Eleições na Venezuela: Vitória de Maduro, derrota da democracia?

Nicolás Maduro reivindica vitória face a acusações de fraude eleitoral.

O presidente venezuelano, Nicolás Maduro, levou a sua avante nas eleições para a Assembleia Constituinte. A Comissão Eleitoral contabilizou mais de oito milhões de votantes, mas a oposição acusa o governo de uma alegada manipulação de votos. Grande parte da comunidade internacional, incluíndo Portugal, não reconhece qualquer legitimidade deste resultado.

No final do último domingo, Nicolás Maduro subia ao púlpito na Praça Bolívar, em Caracas. O líder venezuelano declarava a vitória diante de centenas de apoiantes: “Temos Assembleia Constituinte. Oito milhões [de votos] no meio de ameaças. Foi a maior votação que a revolução bolivariana teve em 18 anos. O povo deu uma lição de coragem, de valentia. O que vimos foi admirável”. Com 8.089.320 votos, os números apontavam para uma taxa de voto de 41,5% para a Assembleia Constituinte, responsável pela reformulação da Constituição venezuelana.

No entanto, a oposição não ficou convencida. Henrique Capriles condenou o resultado de imediato: “Não reconhecemos este processo fraudulento, para nós é nulo, não existe”. O líder da oposição incentivou à manifestação no dia de tomada de posse da assembleia, e a violência cresce cada vez mais nas ruas e cidades de Venezuela. No dia do ato eleitoral, registaram-se pelo menos dez mortos em confrontos entre as autoridades e os opositores, entre os quais jovens de 13 e 17 anos.
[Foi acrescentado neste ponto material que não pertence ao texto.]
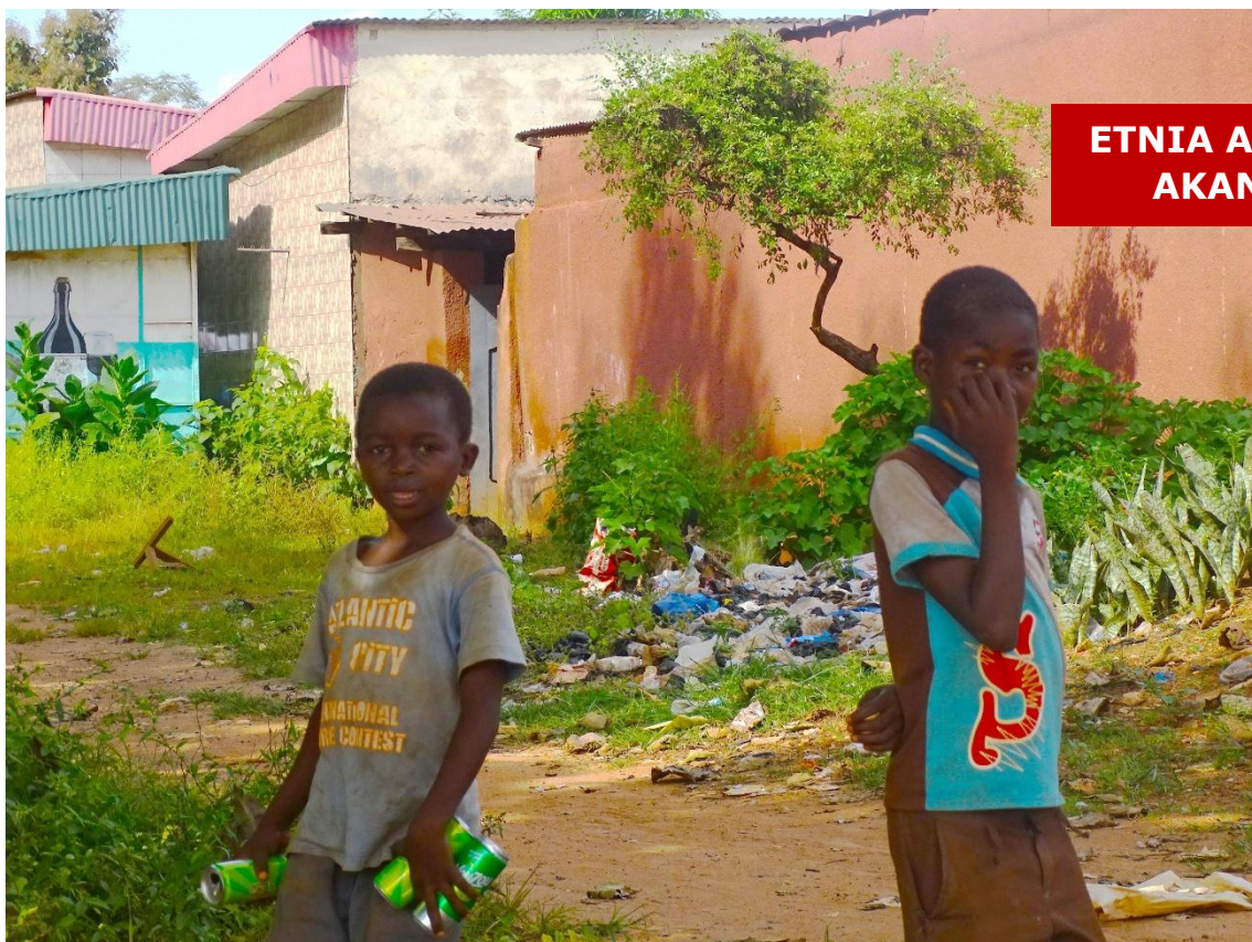
ETNIA ANYI AKAN

Los Akan practicaban la esclavitud , esclavos que utilizaban para labores domésticas, agrícolas y para la venta. Dada su necesidad, transformaban en esclavos a los prisioneros de guerra, los criminales, opositores a los jefes locales y muchos líderes rituales locales.
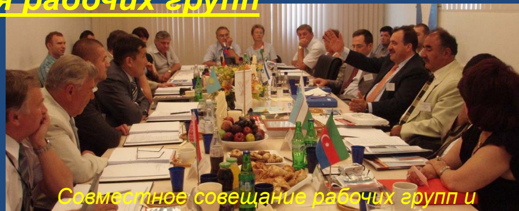
Совместное совещание рабочих групп и ассоциированных членов МСД.
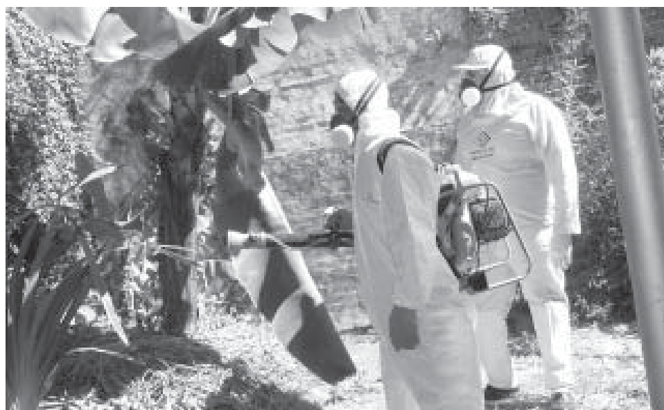
Equipe pulveriza quintais de casas na Vila Santana

A pulverização não invalida a necessidade de retirada de criadouros, que é a forma mais correta e eficaz para o controle da dengue. Até esta terça-feira, Valinhos notificou 70 casos da doença, sendo 56 autóctone (42 na Vila Santana) e 14 importados (contraídos em outros municípios). No ano passado, foram notificados seis casos e todos eles contraídos em outros municípios.
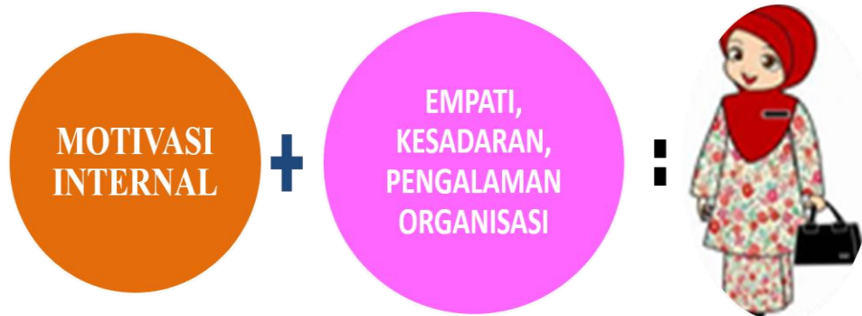
Gambar 1.1 Motivasi Internal menjadi Anggota Legislatif
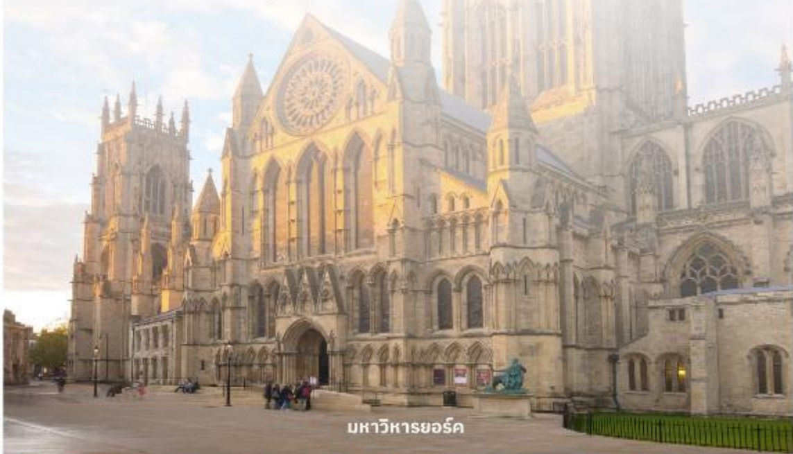
มหาวิหารยอร์ก

จากนั้นนำท่านเดินทางต่อไปที่ The Shambles (เดอะแซมเบิล) เป็นสถานที่ที่มีความคล้ายกับตรอกไดอากอนในภาพยนตร์ชื่อดังอย่าง Harry Potter อีระให้ท่านเดินเลือกซื้อของที่ระลึกตามอัธยาศัย
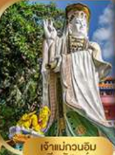
เจ้าแม่กวนอิม รพัสสเบย์
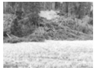
山が崩れて川を越え田んぼの3分の1を埋めた

A violência nas ruas de Caracas manteve-se, mesmo em dia de eleições. Créditos: Nathalie Sayago/EPA
A violência nas ruas de Caracas manteve-se, mesmo em dia de eleições. Créditos: Nathalie Sayago/EPA

“Vamos ajustar todas as contas”, prometeu Nicolas Maduro, durante a campanha para as eleições, referindo-se à oposição.

A perseguição à oposição também marcou o desfecho das eleições. À luz dos resultados, Antonio Ledezma não tardou em mostrar o seu descontentamento. Acusado de crimes contra a paz, segurança e a Constituição venezuelanas pelo atual governo, o político resolveu divulgar um vídeo em que tece críticas ao governo e ao processo eleitoral: “Sabemos que o aparelho de segurança foi posto ao serviço da tirania do regime totalitário”. Face a estas declarações, o antigo autarca da cidade de Caracas, que se encontrava em prisão domiciliária, foi alvo de uma rusga dos serviços secretos da Venezuela, SEBIN (Servicio Bolivariano de Inteligencia Nacional), momento esse registado em vídeo pelos moradores do prédio.

Leopoldo López também não escapou à repressão política. Considerado inimigo do Estado, o político encontrava-se em prisão domiciliária desde o início do mês de julho, mas um vídeo na véspera das eleições a incentivar à manifestação foi suficiente para soar os alarmes. Na madrugada de terça para quarta, López também foi detido por agentes armados da SEBIN, momento esse denunciado por sua esposa, Lilian Tintori, no Twitter.

 

O advogado de defesa de Leopoldo López acusou os atos de “sequestro de dois cidadãos pelas suas ideias políticas, pessimamente mascarado por supostos crimes inventados pela ditadura”. Já o diretor do Observatório dos Direitos Humanos da América Latina, José Miguel Vicanco, classificou a ação das forças do governo de “cobarde” e que “só um ditador desesperado por se manter no poder pode aceitar”. Contudo, o diretor acredita que a “detenção arbitrária de duas figuras da oposição” vai surtir o efeito contrário e despoletar a oposição.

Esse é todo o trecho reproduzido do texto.